§ What to produce
Leaving the pictures aside, transcribe the data below exactly.

§ Source data
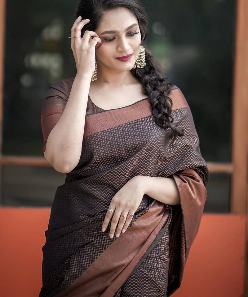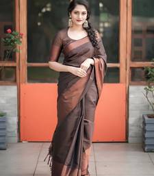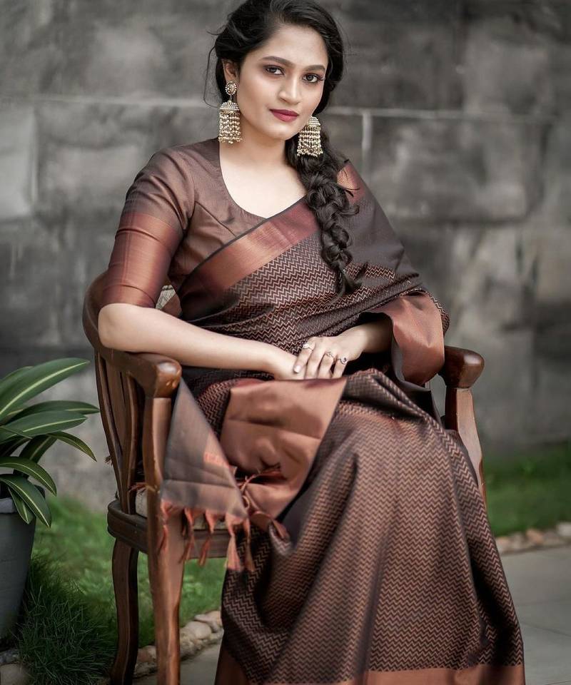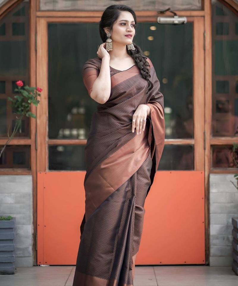 Brown soft silk blend banarasi jacuard work designer party wear saree with unstitched blouse piece
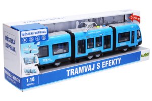 Tramvaj s efekty. Velikost 44 cm. Na setrvačník. Otevírací dveře. Světelné a zvukové efekty. 3xAG13 knoflíková baterie součástí. Efekty se aktivují 4 tlačítky na střeše tramvaje.
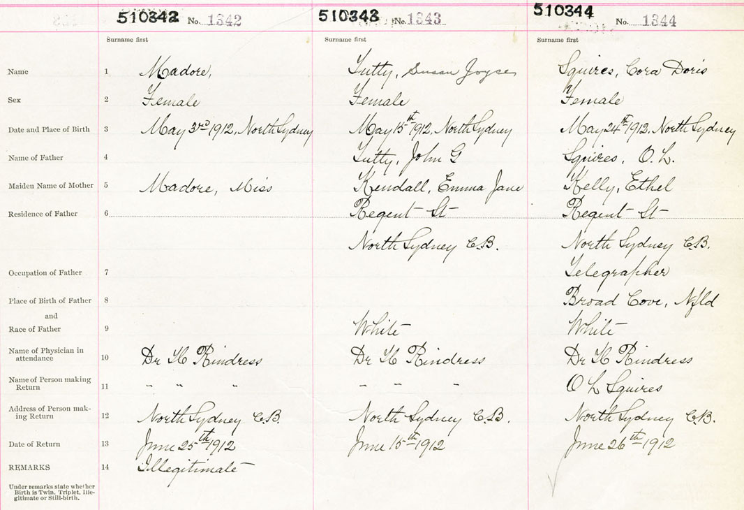 Female Birth Registration: Year: 1912 number: 51000342

§ Exercise output
 Brown soft silk blend banarasi jacuard work designer party wear saree with unstitched blouse piece
 Tramvaj s efekty. Velikost 44 cm. Na setrvačník. Otevírací dveře. Světelné a zvukové efekty. 3xAG13 knoflíková baterie součástí. Efekty se aktivují 4 tlačítky na střeše tramvaje.
 Female Birth Registration: Year: 1912 number: 51000342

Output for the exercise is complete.